The Thursday games that the NFL broadcasts under the Thursday Night Football banner on the NFL Network are somewhat more special to the league because of the pure profit they represent. The NFL can't demand the nearly $5.50 per month that research firm SNL Kagan says ESPN gets per month from satellite and cable customers. It can, however, pull in a second-best $1.34 per month, up from less than $1 last year, after beefing up its slate of Thursday games. That alone should bring in more than $1.1 billion in revenue, or 56% more than the channel produced last year.Meanwhile, the NFL has already seen enormous returns on NFL Network ad sales. In 2011, the last year of Thursday Night Football's eight-game slate, SNL Kagan says the network took in $99.6 million in ads. In 2012, that jumped to nearly $201 million thanks to extra games. RBC Capital Markets analyst David Bank projected in AdWeek that NFL Net will book as much as $335 million in ad sales commitments this year, a 67% gain. This is the NFL just getting richer off of its most lucrative revenue stream. NFL games accounted for 31 out 32 of the most-watched TV broadcasts last fall and more than doubled the prime-time viewership of Fox, ABC, CBS and NBC. Through Oct. 23, the league had 10 games topping 20 million viewers -- a 400% increase from last season. NFL games ranked as the Top 16 most-watched shows since Labor Day, up from the Top 11 at the same time last season.

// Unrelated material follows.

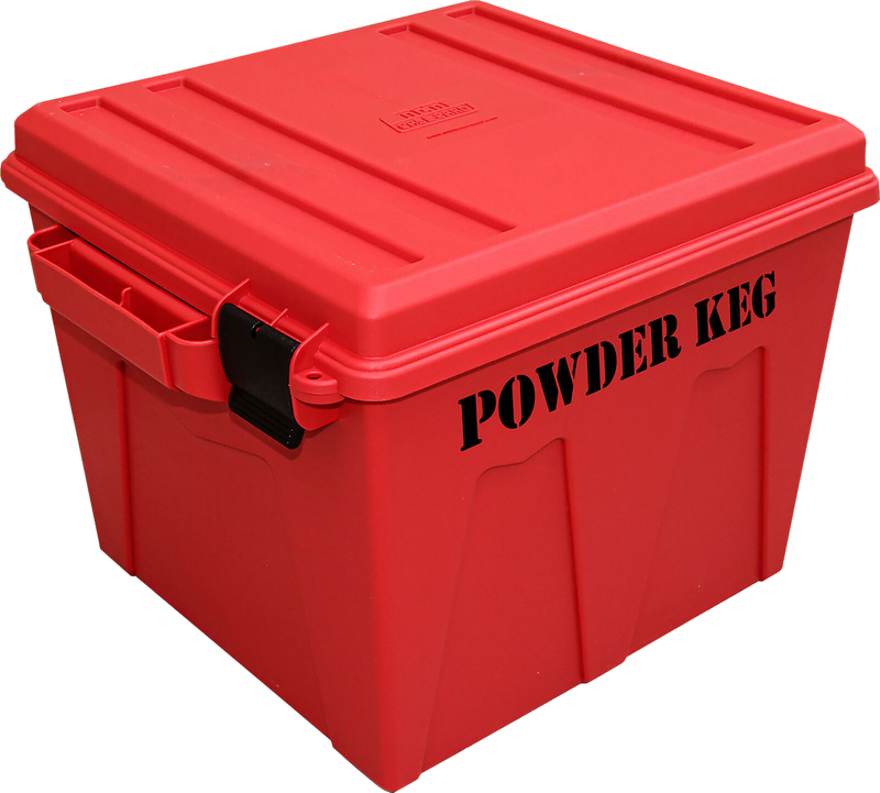 The MTM Powder Keg is a polypropylene plastic storage container designed for organizing and safeguarding factory-packaged reloading powder. It features a bright red color for easy identification, side-mount snap latches, large handles for transport, and padlock tabs for security. The stackable design accommodates various powder container sizes including two 8 lb. containers, one 4 lb. container, and several 1 lb. containers.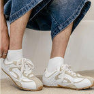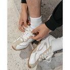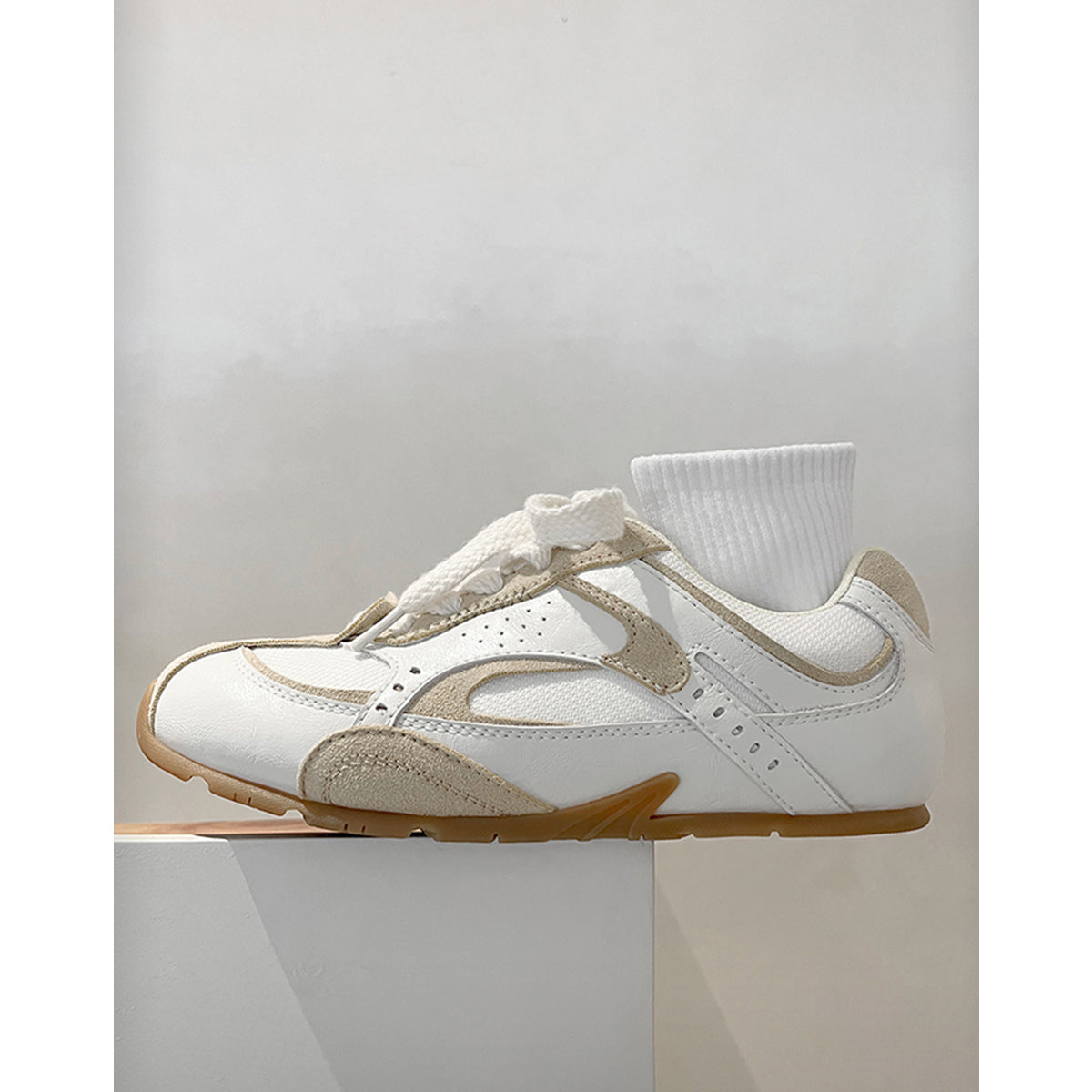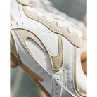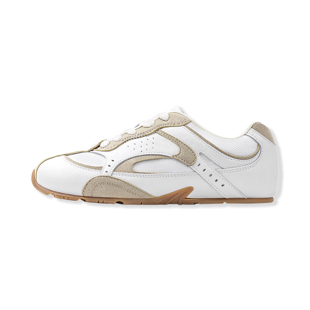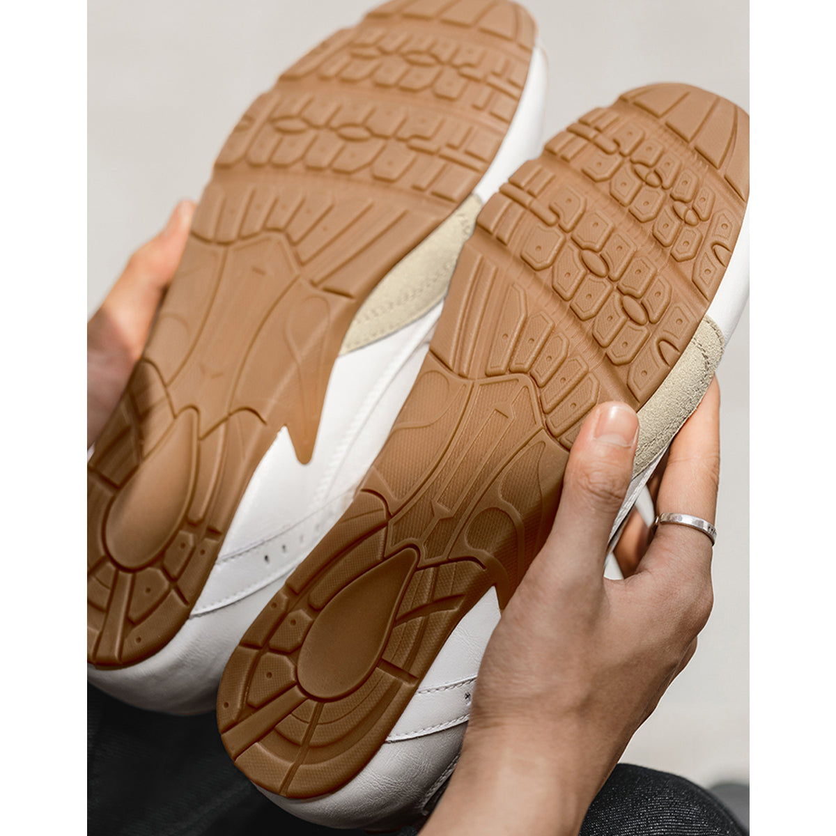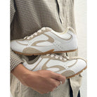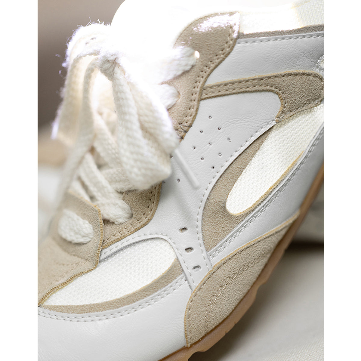 가죽, 베이지 스웨이드, 메쉬를 조합하여 고급스러움과 통기성을 제공합니다.

Fox (FOXA), CBS> (CBS) and Comcast's> (CMCSA) NBC agreed to pay the NFL $28 billion for broadcast rights through 2022. Walt Disney's (DIS) ESPN has a separate $1.9 billion annual deal for Monday night football, while DirecTV (DTV) has a $1 billion per season agreement for the NFL Sunday Ticket package that is set to become even more lucrative once the current contract expires in 2015.